Stored data:
● ● ● ● ●
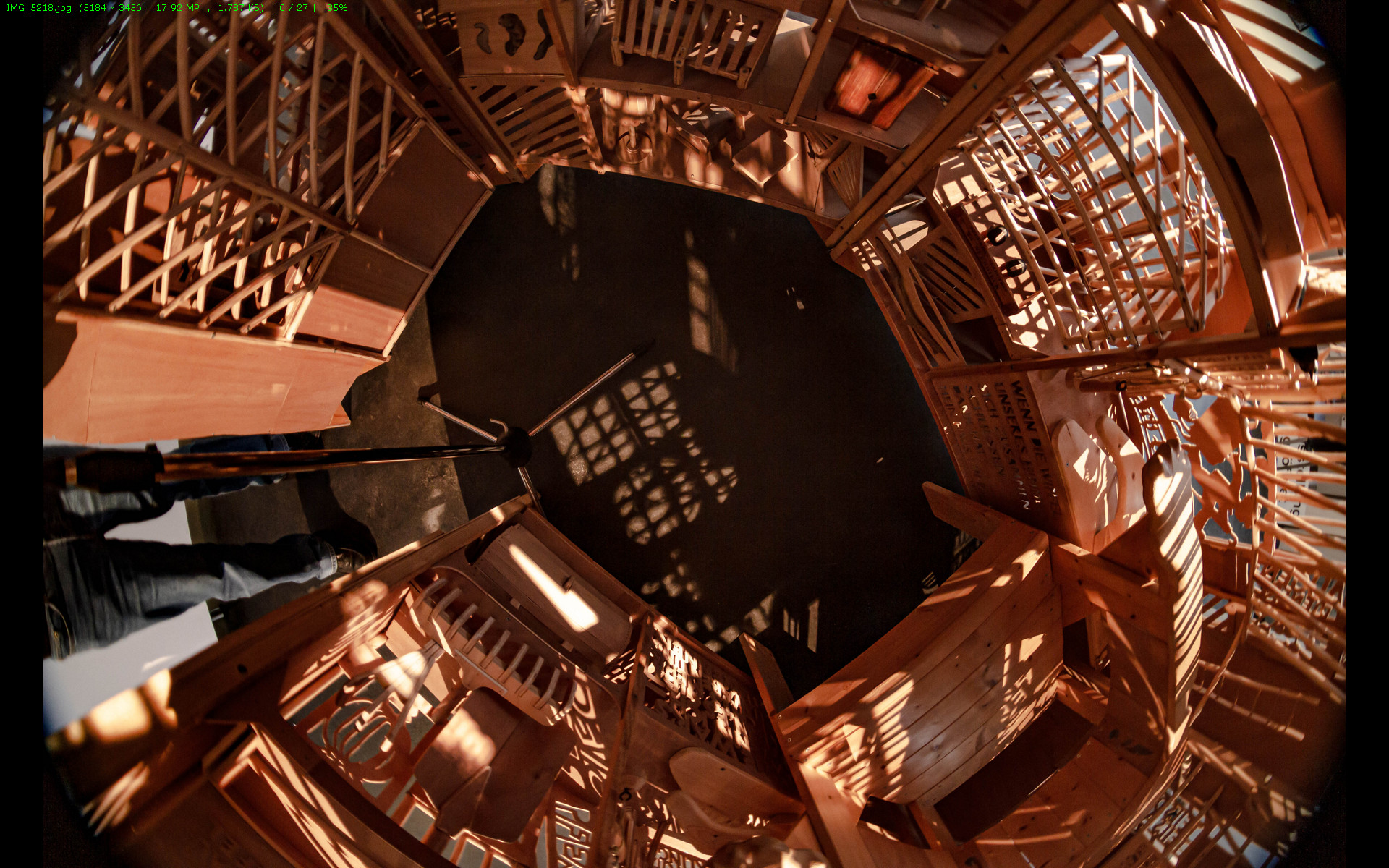 Vor über neun Jahren habe ich bei einer Ausstellung ein begeh- und besitzbares Kunstobjekt mit einem Einbeinstativ aufgenommen. Um herauszufinden, ob ich das Ergebnis von 2012 etwas verbessern könnte, habe ich mir die RAW-Dateien noch mal vorgenommen.
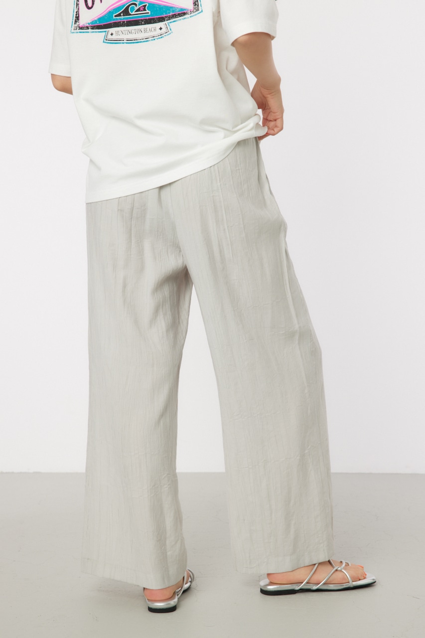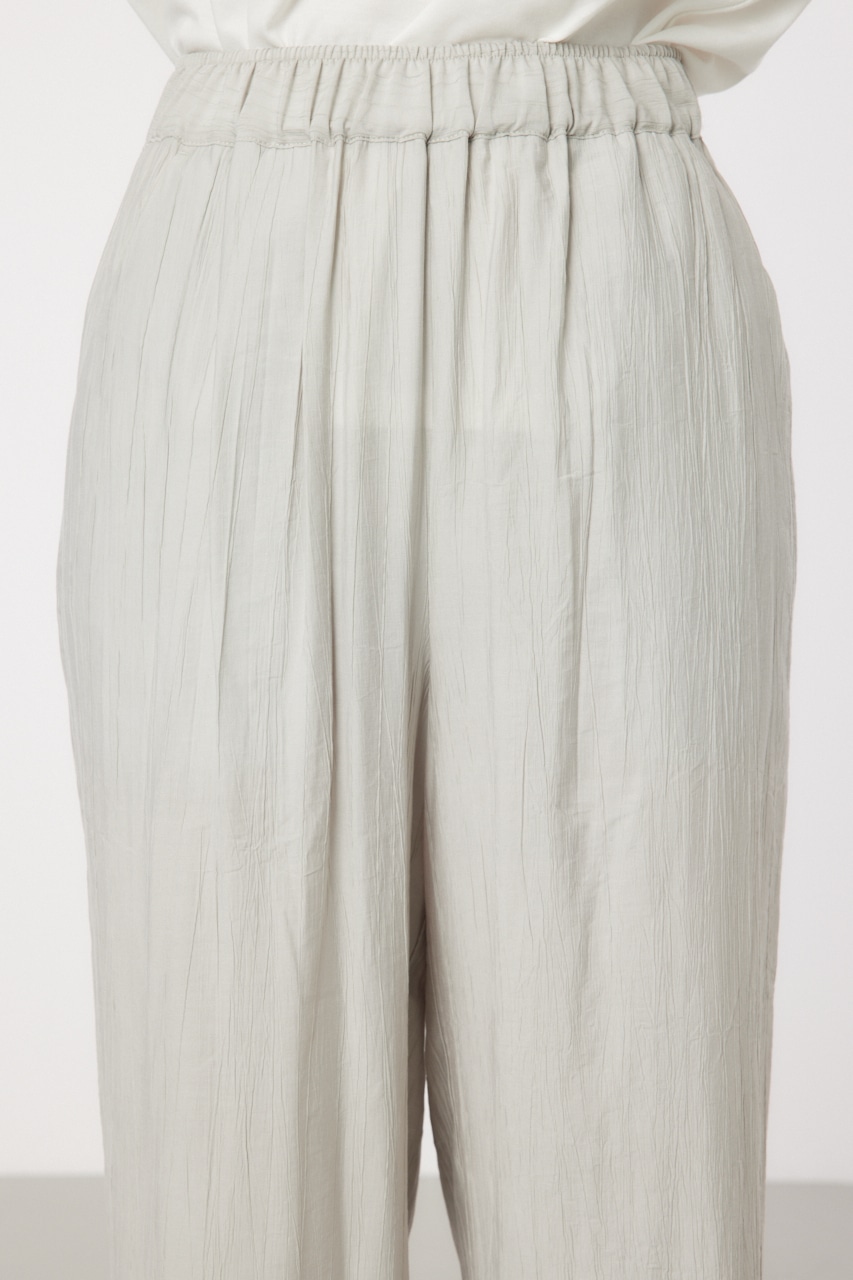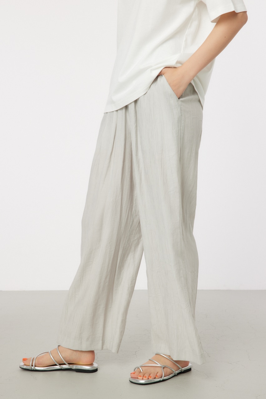 楊柳素材を使用した清涼感たっぷりのイージーパンツ。軽い素材でノンストレスで着用できます。ウエストにはサイズ調整が可能な共地テープが付いています。
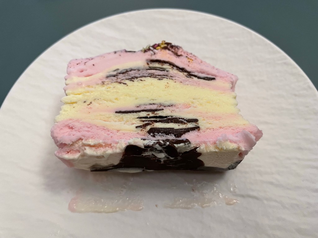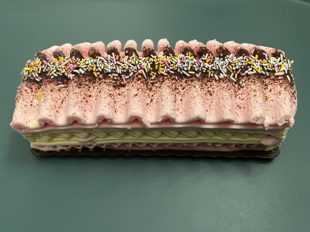 Description: Vanilla ice cream and strawberry flavour ice cream between crisp chocolate flavour layers topped with multi-coloured sugar strands
● ● ● ● ●
Try it: Everything in the listing, except its images, should be set down exactly.

Result:
 Vor über neun Jahren habe ich bei einer Ausstellung ein begeh- und besitzbares Kunstobjekt mit einem Einbeinstativ aufgenommen. Um herauszufinden, ob ich das Ergebnis von 2012 etwas verbessern könnte, habe ich mir die RAW-Dateien noch mal vorgenommen.
 楊柳素材を使用した清涼感たっぷりのイージーパンツ。軽い素材でノンストレスで着用できます。ウエストにはサイズ調整が可能な共地テープが付いています。
 Description: Vanilla ice cream and strawberry flavour ice cream between crisp chocolate flavour layers topped with multi-coloured sugar strands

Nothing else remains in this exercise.